Some background: America's nascent cycling fanbase is probably more in danger of being turned off by doping than, say, the more die-hard, established counterparts in Europe. But America's cycling fanbase also has more room to grow than most, and from all I saw before the Landis disaster it was growing steadily. Things have kind of been placed on hold since then.

While Bonnie Ford has generally tried to write about racing, ESPN otherwise did little to spare the rod when it came to bashing the dopes. Not that it was always unfair, given the depths of the problem, but when people who don't care about the Tour of Flanders start paying attention only when things go wrong, it comes off as gratuitous piling on. ESPN was as guilty as the rest of the American media in this regard.

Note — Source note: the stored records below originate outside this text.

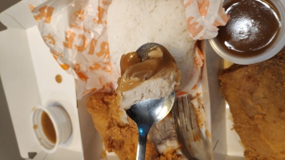 치킨 1조각 with 라이스 ('치킨조이' 라고 부름). 76페소
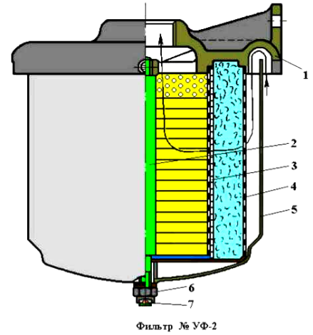 Фильтр усл.№ УФ-2 предназначен для очистки всасываемого компрессором атмосферного воздуха. Фильтр имеет фланец 1, к которому присоединяется всасывающая труба компрессора. На стержне 2 укреплен сетчатые цилиндры 3 и 4, между стенками которых помещена фильтрующая набивка из конского волоса, латунной проволоки диаметром 0,05 мм или трех колец из капронового волокна, обработанных специальной эмульсией. Оба цилиндра закрыты кожухом 5, который закреплен на стержне корончатой гайкой 6 со шплинтом 7. Атмосферный воздух всасывается через кольцевой зазор между фланцем 1 и кожухом 5, проходя через сетчатые цилиндры и фильтрующую набивку, очищается и поступает в компрессор. Фильтры усл.№ Э-114 имеют волосяную фильтрующую набивку и предназначены для очистки сжатого воздуха, поступающего к отдельным тормозным приборам.
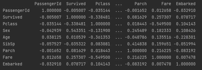 PassengerId는 거의 영향을 주지 않는 것을 알 수 있다.
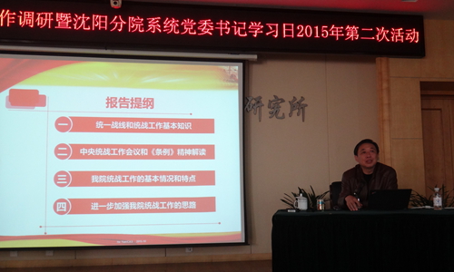在會議上,中國科學院黨組成員、副秘書長、院黨建工作領導小組副組長何巖作了題為“開闊胸懷 凝心聚力 活用法寶-扎實做好新形勢下的統(tǒng)戰(zhàn)工作”的輔導報告。他從統(tǒng)一戰(zhàn)線和統(tǒng)戰(zhàn)工作基本知識、中央統(tǒng)戰(zhàn)工作會議和《條例》精神解讀、我院統(tǒng)戰(zhàn)工作的基本情況和特點、以及進一步加強我院統(tǒng)戰(zhàn)工作的思路四個方面,全面系統(tǒng)闡述了當前形勢下統(tǒng)戰(zhàn)工作的意義、思路和方法,最后對各單位黨委書記開展好統(tǒng)戰(zhàn)工作提出了工作要求。王啟堯強調各單位黨委理論中心組要加強《條例》的研究和學習,針對本單位的實際情況,對照何巖副秘書長的報告要求尋找差距,并根據工作部署抓好落實。

Along comes baseball, long beset by steroids but just now starting the public conversation about its problems in any real way. Toss in Marion Jones and some other scandals and it starts to look like this is not a Cycling problem, or a pro wrestling problem, but a worldwide crisis in athletics and sports across the board. Fans are starting to get it, and baseball's problems have been instrumental in bringing it into mainstream focus.

As people here have speculated all along, Cycling is actually farther down the road in confronting PEDs use than the sports mainstream fans and Cycling-bashers love so much. If people only understood the problem of PEDs in other sports, they might see Cycling in a completely different light.

One article doesn't mean that Cycling's image has turned around in the US, but by itself this article is clear evidence of the opportunity Cycling has to make amends with American fans. Provided we finally hit bottom in 2006 or 2007, this year could be a watershed year where things really start to get better. I know, be patient, it's complicated, etc., but after two years of pure hell it would be nice to see the sport as getting back on the rails, and as starting to bond again with America.